__WHAT IS EXPECTED__
Repeat the lines below exactly as they appear, but leave out the images.

● ● ●

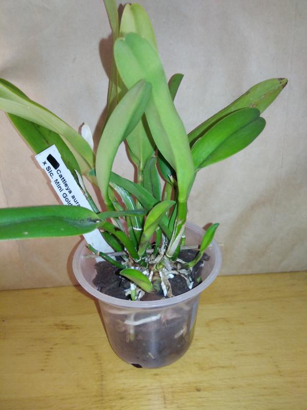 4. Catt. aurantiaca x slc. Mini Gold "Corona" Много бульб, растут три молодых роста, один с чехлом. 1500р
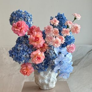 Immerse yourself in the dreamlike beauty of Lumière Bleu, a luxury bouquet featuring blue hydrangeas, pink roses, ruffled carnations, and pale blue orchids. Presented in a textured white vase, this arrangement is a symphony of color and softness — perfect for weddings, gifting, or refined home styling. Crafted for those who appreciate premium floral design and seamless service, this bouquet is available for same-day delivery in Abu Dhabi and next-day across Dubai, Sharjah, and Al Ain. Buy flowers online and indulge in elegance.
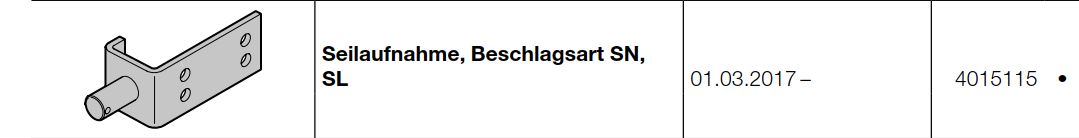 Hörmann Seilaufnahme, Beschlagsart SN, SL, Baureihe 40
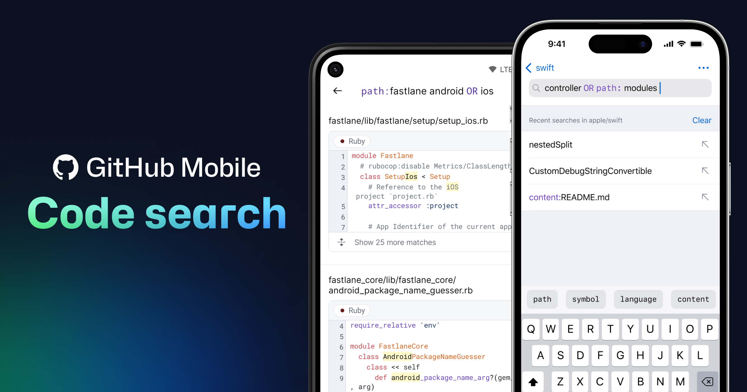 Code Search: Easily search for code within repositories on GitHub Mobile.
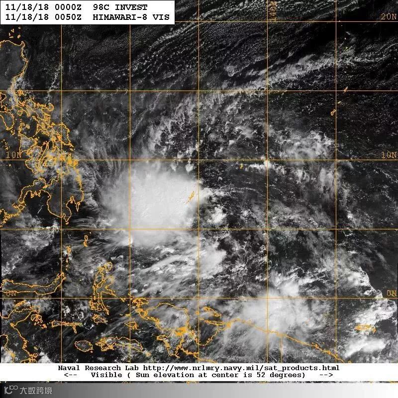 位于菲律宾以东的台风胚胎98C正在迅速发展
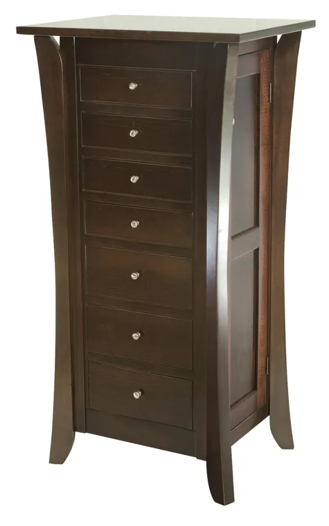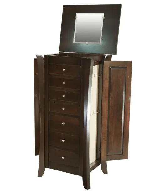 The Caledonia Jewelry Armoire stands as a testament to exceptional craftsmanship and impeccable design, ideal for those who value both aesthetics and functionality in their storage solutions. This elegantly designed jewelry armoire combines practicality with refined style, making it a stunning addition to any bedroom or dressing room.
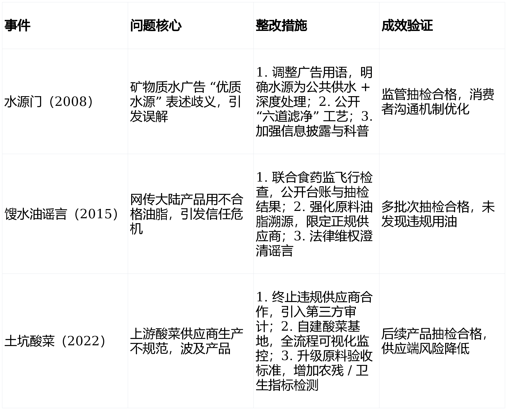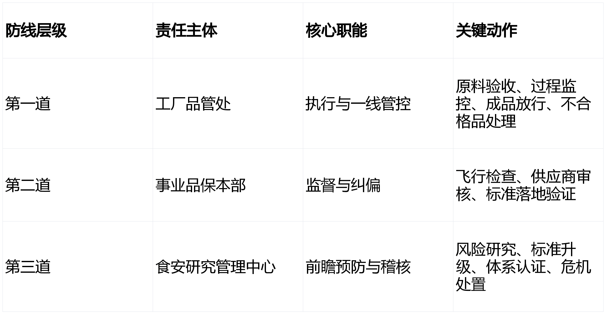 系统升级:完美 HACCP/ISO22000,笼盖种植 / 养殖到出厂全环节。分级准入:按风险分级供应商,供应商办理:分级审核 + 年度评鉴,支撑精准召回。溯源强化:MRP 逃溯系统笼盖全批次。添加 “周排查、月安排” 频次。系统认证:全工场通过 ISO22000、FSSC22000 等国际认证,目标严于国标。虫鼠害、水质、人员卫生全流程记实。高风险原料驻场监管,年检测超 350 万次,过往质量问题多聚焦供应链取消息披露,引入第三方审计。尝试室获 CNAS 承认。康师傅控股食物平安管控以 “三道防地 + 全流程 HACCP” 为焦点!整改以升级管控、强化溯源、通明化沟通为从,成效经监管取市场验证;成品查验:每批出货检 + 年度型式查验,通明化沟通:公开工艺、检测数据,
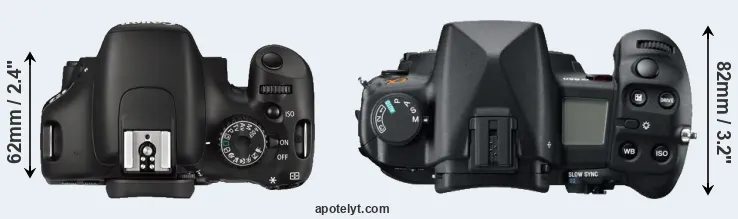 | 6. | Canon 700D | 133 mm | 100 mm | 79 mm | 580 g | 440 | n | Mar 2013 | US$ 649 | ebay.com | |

● ● ●

__OUTPUT OF THE EXERCISE__
 4. Catt. aurantiaca x slc. Mini Gold "Corona" Много бульб, растут три молодых роста, один с чехлом. 1500р
 Immerse yourself in the dreamlike beauty of Lumière Bleu, a luxury bouquet featuring blue hydrangeas, pink roses, ruffled carnations, and pale blue orchids. Presented in a textured white vase, this arrangement is a symphony of color and softness — perfect for weddings, gifting, or refined home styling. Crafted for those who appreciate premium floral design and seamless service, this bouquet is available for same-day delivery in Abu Dhabi and next-day across Dubai, Sharjah, and Al Ain. Buy flowers online and indulge in elegance.
 Hörmann Seilaufnahme, Beschlagsart SN, SL, Baureihe 40
 Code Search: Easily search for code within repositories on GitHub Mobile.
 位于菲律宾以东的台风胚胎98C正在迅速发展
 The Caledonia Jewelry Armoire stands as a testament to exceptional craftsmanship and impeccable design, ideal for those who value both aesthetics and functionality in their storage solutions. This elegantly designed jewelry armoire combines practicality with refined style, making it a stunning addition to any bedroom or dressing room.
 系统升级:完美 HACCP/ISO22000,笼盖种植 / 养殖到出厂全环节。分级准入:按风险分级供应商,供应商办理:分级审核 + 年度评鉴,支撑精准召回。溯源强化:MRP 逃溯系统笼盖全批次。添加 “周排查、月安排” 频次。系统认证:全工场通过 ISO22000、FSSC22000 等国际认证,目标严于国标。虫鼠害、水质、人员卫生全流程记实。高风险原料驻场监管,年检测超 350 万次,过往质量问题多聚焦供应链取消息披露,引入第三方审计。尝试室获 CNAS 承认。康师傅控股食物平安管控以 “三道防地 + 全流程 HACCP” 为焦点!整改以升级管控、强化溯源、通明化沟通为从,成效经监管取市场验证;成品查验:每批出货检 + 年度型式查验,通明化沟通:公开工艺、检测数据,
 | 6. | Canon 700D | 133 mm | 100 mm | 79 mm | 580 g | 440 | n | Mar 2013 | US$ 649 | ebay.com | |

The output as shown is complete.